とかくに人の世は・・・

智に働いてみたり情に棹さしてみたりしながら
思いついたことや感じたことを徒然に記します 
  nob

憲法の絵本

2006年09月30日 | つれづれ
9月29日、安倍新総理の所信表明演説がありました。その中で憲法に関する部分を抜粋してみました。
 「国の理想、かたちを物語るのは憲法です。現行の憲法は日本が占領されている時代に制定され既に60年近くが経ちました。新しい時代にふさわしい憲法の在り方についての議論が積極的に行われています。与野党において議論が深められ、方向性がしっかりと出てくることを願っております。まずは、日本国憲法の改正手続に関する法律案の早期成立を期待します」(抜粋)
つよく改憲の必要性を論じていた安倍さんでしたが、所信表明では若干トーンダウンしているようです。

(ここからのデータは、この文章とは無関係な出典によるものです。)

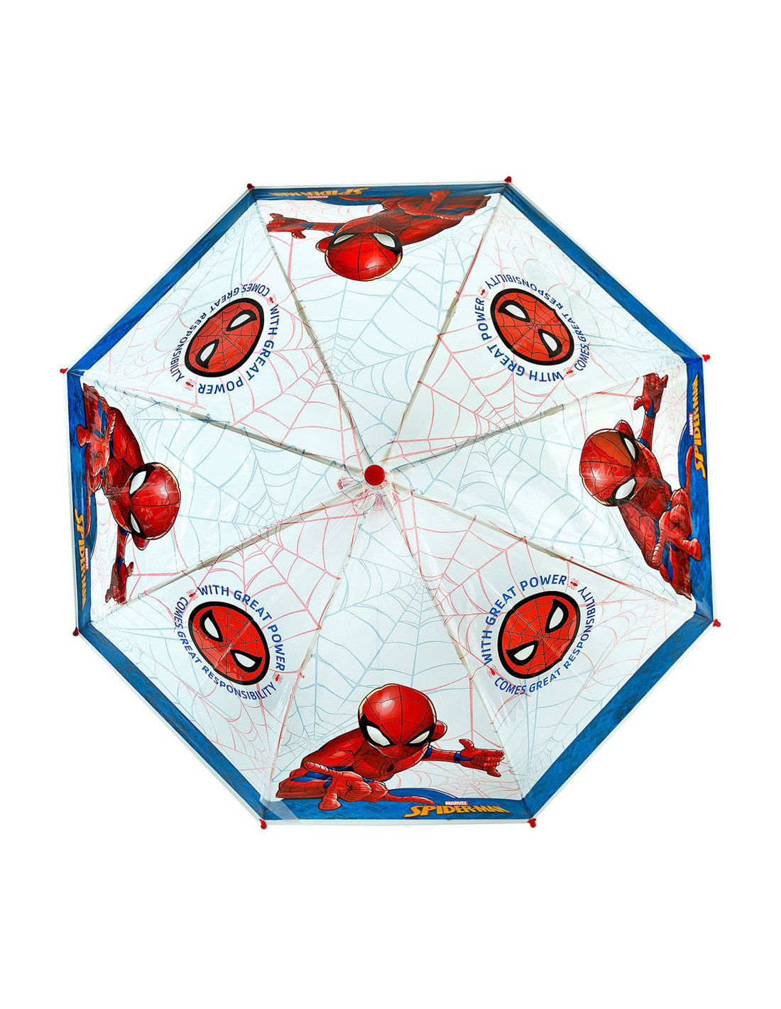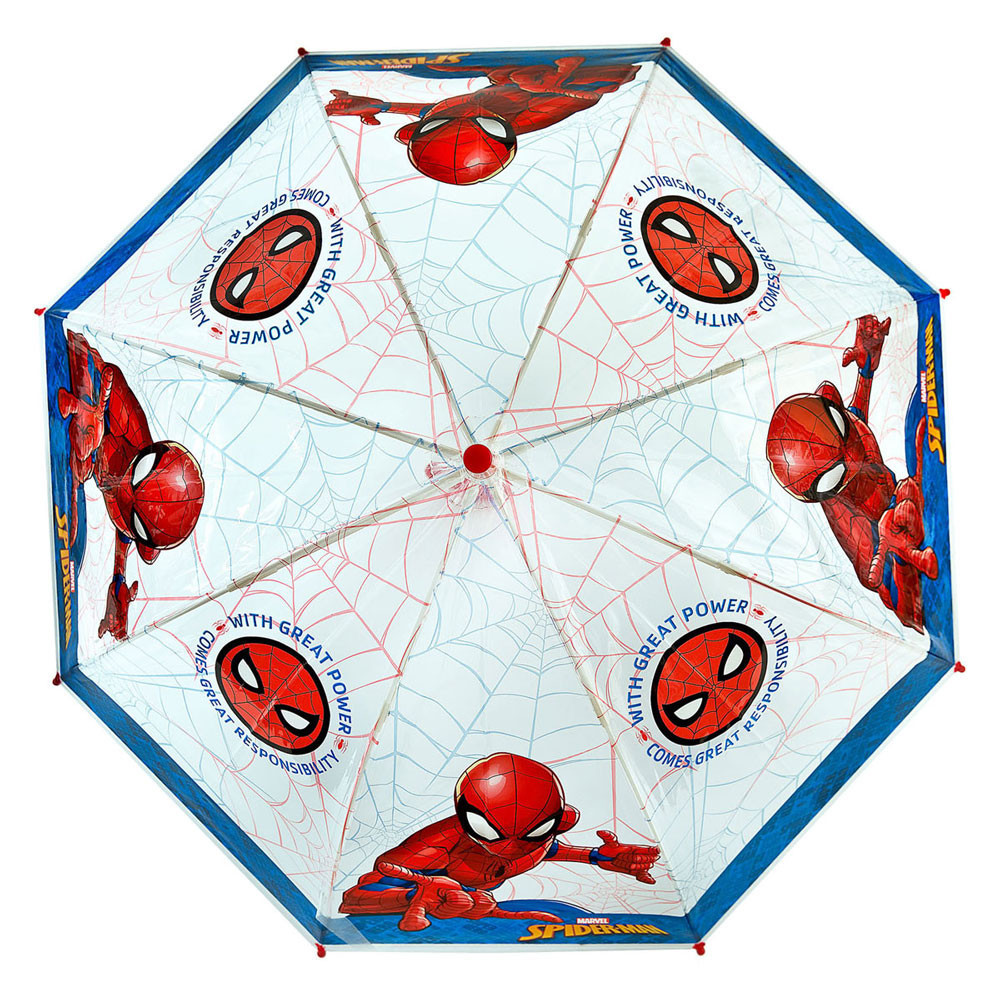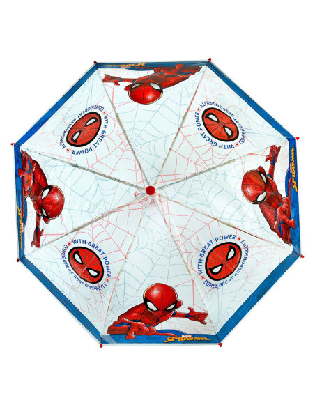 Doorzichtige paraplu van Spiderman met een doorsnede van 69 centimeter.
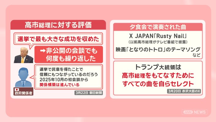 トランプ大統領は高市総理をもてなすためにすべての曲を自らセレクトしたといいます。

とはいえ自主憲法の制定を目論んでいることは伝わってきます。

『国の理想、かたちを物語るのは憲法』という部分は改憲・護憲を主張するいずれの考え方にも異論はないと思います。ただ「国の理想、かたち」をどうするかで大きくかわってくるでしょう。折りしも先日読んだ井上ひさし氏著「子どもにつたえる日本国憲法」のなかに―「憲法」は<この国のかたち>である―との記述がありました。「憲法はその国のおおもとを決めるきまりであって、そのきまりにそって細かいルールが決められる。そういうルールが集まって、やさしい国ができたり喧嘩の好きな国ができあがったりする」というような解説がなされていました。

以前、このブログで憲法について「憲法を改正した方が良いのか、悪いのか、私はわかりません。今のところ生活するうえで、この憲法で何ら不都合が無いというのが実感です」というような愚見を述べました。そのときはただ漠然と改憲の必要はないと思っていましたが、今「子どもにつたえる日本国憲法」を読んでみて「現行憲法、変えないほうがいい」との思いが少しはっきりしてきました。

この本のなかで日本国憲法の前文を子どもたちへ解説している一部分を書き写してみます。

~ 私たちは、世界の人たちがみな
こわがったり飢えたりせずに
ただおだやかな生き方をしたいと
願うのは
当たり前だということを
いま一度
自分に言い聞かせ
どんなことがあっても
そのじゃまをしてはならないと
たしかに決めた ~


いわさきちひろさんの挿絵につつまれて井上ひさしさんの文章が素敵な詩となって心に伝わってきます。この絵本は子どもたちにも大人たちにも憲法のことをやさしく紹介してくれています。

日本国憲法は誰が創ったとか何時どうやってできたとかはどうだっていいのです。それが素晴らしいものなら。